Kinney AY, Boonyasiriwat W, Walters ST, Pappas LM, Stroup AM, Schwartz MD, Edwards SL, Rogers A, Kohlmann WK, Boucher KM, Vernon SW, Simmons RG, Lowery JT, Flores K, Wiggins CL, Hill DA, Burt RW, Williams MS, Higginbotham JC. Telehealth Personalized Cancer Risk Communication to Motivate Colonoscopy in Relatives of Patients WithColorectal Cancer: The Family CARE Randomized Controlled Trial. J Clin Oncol. 2014 Mar 1;32(7):654-62. doi: 10.1200/JCO.2013.51.6765. Epub 2014 Jan 21.


Tuesday, February 25, 2014

The Power of Small Data

Big data is the uncharted territory of our time. Vast, multiple exabyte-sized data sets are like new continents that will, upon exploration, yield insights into all manner of human affairs. This is all well and good. But in the meantime, how about applying the latest tools and techniques of Big Data to much smaller data sets, say an insurer's chronic disease patients?

Today, with high speed data exchange and processing, it is possible to comb through millions of lab tests to find the results of eligible patients, monitor their timing and values, and provide nearly instantaneous feedback to patients and providers. This is the power of Small Data.

Small data connects people with timely, meaningful insights. It is organized and visually presented to be accessible, understandable, and actionable for everyday tasks.

Small data is the right data. You shouldn't need to be a data scientist to understand or apply it for everyday tasks.

Paraphrasing Joseph C. Kvedar, MD, the Founder and Director of the Center for Connected Health, Big Data will guide policy makers, but it's Small Data that will help patients get better.

Living with and managing a chronic disease, such as chronic kidney disease, is complicated. Small Data can deliver the right information to patients and providers at the right time so that they can do the right thing.

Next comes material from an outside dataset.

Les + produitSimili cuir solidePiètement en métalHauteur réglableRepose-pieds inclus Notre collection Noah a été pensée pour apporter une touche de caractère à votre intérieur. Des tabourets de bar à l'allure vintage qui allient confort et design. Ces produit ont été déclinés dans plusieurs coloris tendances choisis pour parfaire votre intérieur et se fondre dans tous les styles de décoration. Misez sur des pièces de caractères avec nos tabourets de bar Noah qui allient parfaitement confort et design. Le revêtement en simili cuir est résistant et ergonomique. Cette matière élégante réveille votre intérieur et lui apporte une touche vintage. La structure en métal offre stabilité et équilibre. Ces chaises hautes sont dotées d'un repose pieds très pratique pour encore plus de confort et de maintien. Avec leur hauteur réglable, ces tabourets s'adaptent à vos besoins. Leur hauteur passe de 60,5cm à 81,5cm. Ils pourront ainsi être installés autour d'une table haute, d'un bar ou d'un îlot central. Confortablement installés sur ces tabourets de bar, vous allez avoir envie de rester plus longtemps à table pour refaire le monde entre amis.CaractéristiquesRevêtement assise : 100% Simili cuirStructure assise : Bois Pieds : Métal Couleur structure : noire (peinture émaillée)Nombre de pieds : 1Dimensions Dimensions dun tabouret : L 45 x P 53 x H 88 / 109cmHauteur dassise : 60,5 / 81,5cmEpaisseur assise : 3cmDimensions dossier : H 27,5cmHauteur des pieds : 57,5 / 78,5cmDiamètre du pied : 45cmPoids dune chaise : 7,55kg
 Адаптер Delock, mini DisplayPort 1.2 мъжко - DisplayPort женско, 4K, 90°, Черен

Wednesday, February 19, 2014

Using hand-held technologies to engage patients

Two recent articles take a look at how some small devices - smartphones and tablets - can be used to foster patient engagement.

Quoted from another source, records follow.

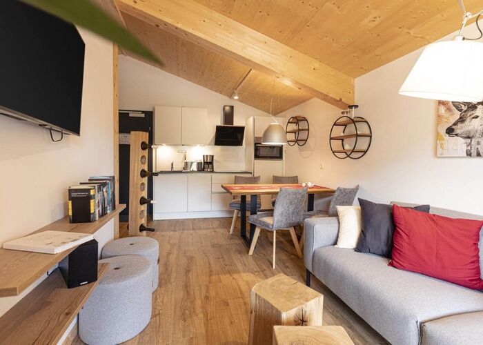 Dank der voll ausgestatteten Küche bist du flexibel in der Selbstversorgung, während private Infrarotkabinen in ausgewählten Einheiten für zusätzlichen Urlaubsgenuss sorgen. Jedes Apartment verfügt über einen Balkon mit Bergblick – je nach Ausrichtung sogar direkt auf die Skipiste.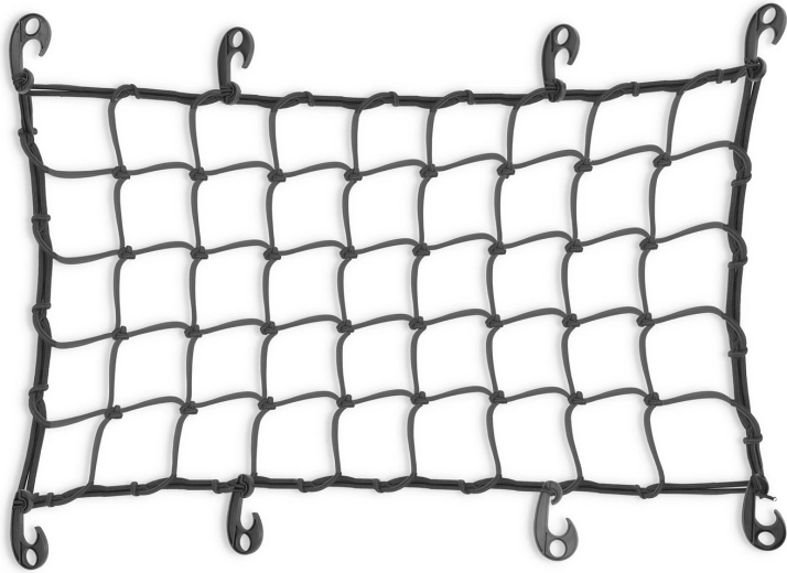 W komplecie znajduje się wytrzymała i elastyczna siatka z 8 hakami, która utrzyma ładunek stabilnie na miejscu nawet podczas jazdy po nierównościach.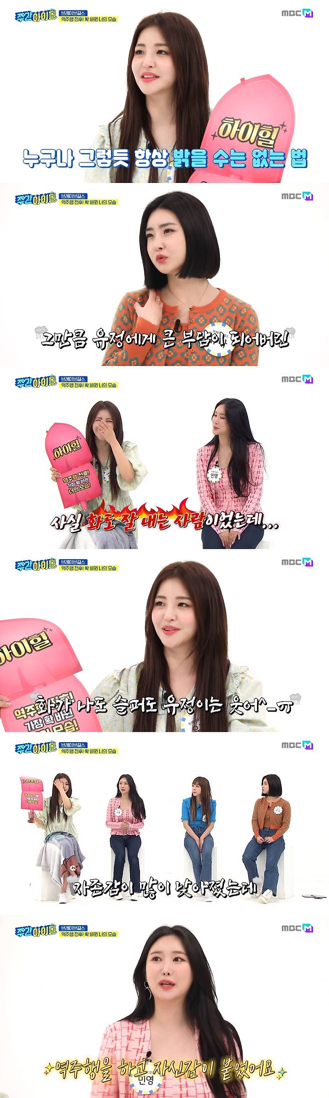 이를 듣고 있던 민영은 "멤버들이 의기소침했는데, 역주행 후 자신감이 붙어 보기 좋다"며 힘을 불어넣었다.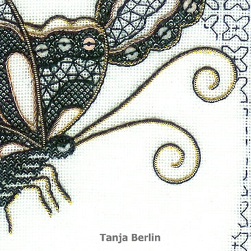 Blackwork is a counted form of hand embroidery in which interesting blackwork patterns are worked on the wings, body and flight trail and then areas outlined with metal threads such as pearl purl and twist.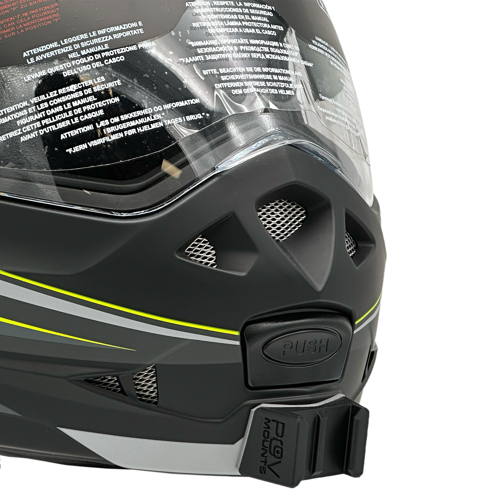 Inside the packaging you'll find your POV Mount, which naturally comes with 3M double-sided tape, the same type used on GoPro, Insta360, and similar accessories. The packaging also includes wipes to properly clean your helmet, along with a safety tether for track use where required by regulations.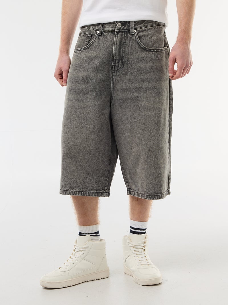 Bermuda largo denim de algodón - Gris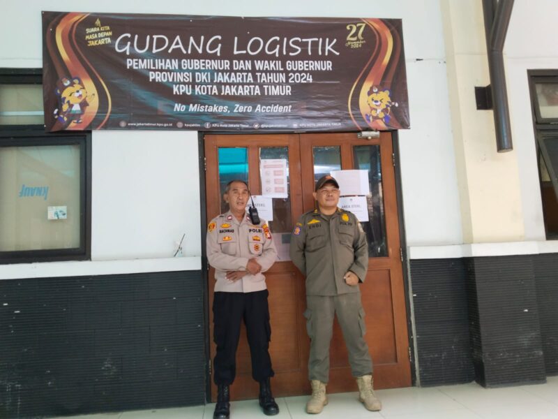 Jakarta – Personil Polsek Jatinegara Polres Metro Jakarta Timur melakukan pengamanan gudang logistik Pilkada DKI Jakarta 2024 yang menjadi tempat penyimpanan logistik PPK Kec. Jatinegara Jakarta Timur. Kamis (28/11/2024).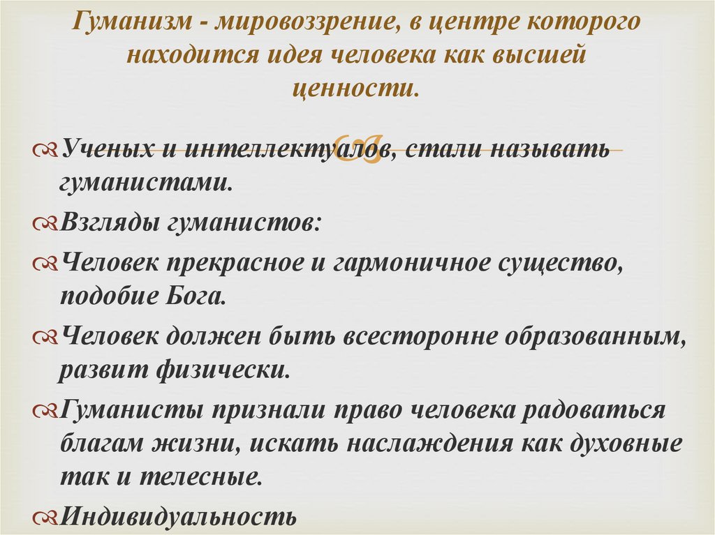 Гуманизм - мировоззрение, в центре которогонаходится идея человека как высшей

The smartphone project tackled a tough problem  - supporting patients with chronic disease (in this case, HIV) and heavy alcohol use to reduce their drinking. Expanding on their previous approaches using Interactive Voice Response (IVR) telephone calls, Deborah S HasinEfrat Aharonovich and Eliana Greenstein from Columbia University enrolled 43 alcohol dependent HIV-infected patients and followed them for 60 days. The average number of drinks fell from 9.3 per day to 3.9. An impressive 25.6% were alcohol-free at the end of the two months. You can get all the details from their report in Addiction Science & Clinical Practice.

The second article provides the early experience with a tablet system that was given to 30 hospitalized patients at the University of California, San Francisco. The iPad2 tablets had an educational program about patient safety and a link to the hospital's patient web portal. The 30 patients were able to use the devices and liked having them. This preliminary report didn't address any changes in outcomes that wiring up inpatients might bring, so it is a little soon to endorse this approach, but they overcame the first hurdles (getting the machines in the hands of the patients and getting the patients to use them). The authors (S. Ryan Greysen, Raman R. Khanna, Ronald Jacolbia, Herman M. Lee, and Andrew D. Auerbach) do promise that they will investigate post-discharge outcomes in future work. You can find this in The Journal of Hospital Medicine.

These innovations have potential. I'm looking forward to some solid assessments (randomized clinical trials, anyone?) in the next few years to help us separate the effective approaches from the marketing chatter.